Madhabi Puri Buch, the Chairman of SEBI, has initiated a landmark proposal in the backdrop of the Capital Market Regulation Implementing Bill relating to the IPO trading landscape. 'When Listed' would allow a trading-wise immediate opening in the case of the closure of the IPO on the third day. It will no longer require the traditional three-day duration for the shares to be listed on the exchange. Be it the National Stock Exchange (NSE) or the Bombay Stock Exchange (BSE), it will list its respective shares for trading.
The proposal suggests introducing a ‘when-listed’ trading period between an IPO’s closure and its listing on exchanges, replacing the current informal ‘curb trading’ phase. This aims to regulate grey market activity, enhance transparency, and build investor trust by allowing trades in a structured, transparent environment.
The Proposal's Framework: SEBI is considering a move whereby potential investors, if they so desire, can trade in the shares of pre IPO companies in the pre-listing equity market. Once the IPO closes, immediate trading can take off soon afterwards, presenting a first-time opportunity for the market to vertically assess the new security even before it is finally in the market.
Operational Mechanism: Under this proposed model, trading would begin as soon as the IPO process concludes, providing an early window for price discovery and market sentiment assessment. This move is expected to bring underground or grey market trading into an official framework, thereby promoting transparency and fairness in trading practices.

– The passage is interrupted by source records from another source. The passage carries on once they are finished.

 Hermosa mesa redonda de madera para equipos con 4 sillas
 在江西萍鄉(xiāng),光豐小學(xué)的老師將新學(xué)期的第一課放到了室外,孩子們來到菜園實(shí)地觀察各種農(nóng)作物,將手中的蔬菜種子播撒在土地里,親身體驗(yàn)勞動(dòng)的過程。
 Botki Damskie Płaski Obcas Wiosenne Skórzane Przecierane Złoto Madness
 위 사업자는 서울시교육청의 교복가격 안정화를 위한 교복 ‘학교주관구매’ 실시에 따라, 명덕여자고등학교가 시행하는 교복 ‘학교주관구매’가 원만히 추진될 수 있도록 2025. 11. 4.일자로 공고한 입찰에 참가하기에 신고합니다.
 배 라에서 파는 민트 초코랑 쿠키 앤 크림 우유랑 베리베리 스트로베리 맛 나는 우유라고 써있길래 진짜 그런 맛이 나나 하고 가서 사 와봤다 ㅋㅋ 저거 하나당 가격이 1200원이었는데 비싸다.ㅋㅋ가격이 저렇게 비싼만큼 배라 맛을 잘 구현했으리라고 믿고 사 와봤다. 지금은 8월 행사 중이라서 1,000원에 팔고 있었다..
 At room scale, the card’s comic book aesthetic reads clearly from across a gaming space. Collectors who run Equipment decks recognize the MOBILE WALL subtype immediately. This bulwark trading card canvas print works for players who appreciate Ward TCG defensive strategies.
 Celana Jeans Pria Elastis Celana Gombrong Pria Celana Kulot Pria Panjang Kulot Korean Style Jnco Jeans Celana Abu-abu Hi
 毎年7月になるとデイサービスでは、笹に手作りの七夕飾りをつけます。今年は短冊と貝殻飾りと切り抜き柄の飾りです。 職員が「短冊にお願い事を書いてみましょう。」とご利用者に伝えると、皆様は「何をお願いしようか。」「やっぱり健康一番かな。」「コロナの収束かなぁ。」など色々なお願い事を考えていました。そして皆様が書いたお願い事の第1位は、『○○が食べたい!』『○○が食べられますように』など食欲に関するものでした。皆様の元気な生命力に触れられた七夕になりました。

Significance and Benefits: The implementation of the 'When Listed' system would significantly reduce waiting times for investors, allowing market order depth with new shares. There was a potentially more efficient capital market angularity to enable preliminary appreciation of market response, thus being more realistic about the IPO-listed purpose.
Potential Market Impact: Adopting this would bring vitality and drive into the stock market in India by enhancing the liquidity and involvement of investors in public issues. It is a step ahead in creating very dynamic and inclusive markets—inviting investors to meet new IPO stocks as soon as they come into the universe.
The SEBI initiative emphasizes commitment toward an innovative market, intending to redefine and refine how IPO trade management occurs and is practised within India. However, with every sweeping reform such as this from regulatory authorities, careful evaluation and planning become mandatory to address potential risks and ensure system effectiveness.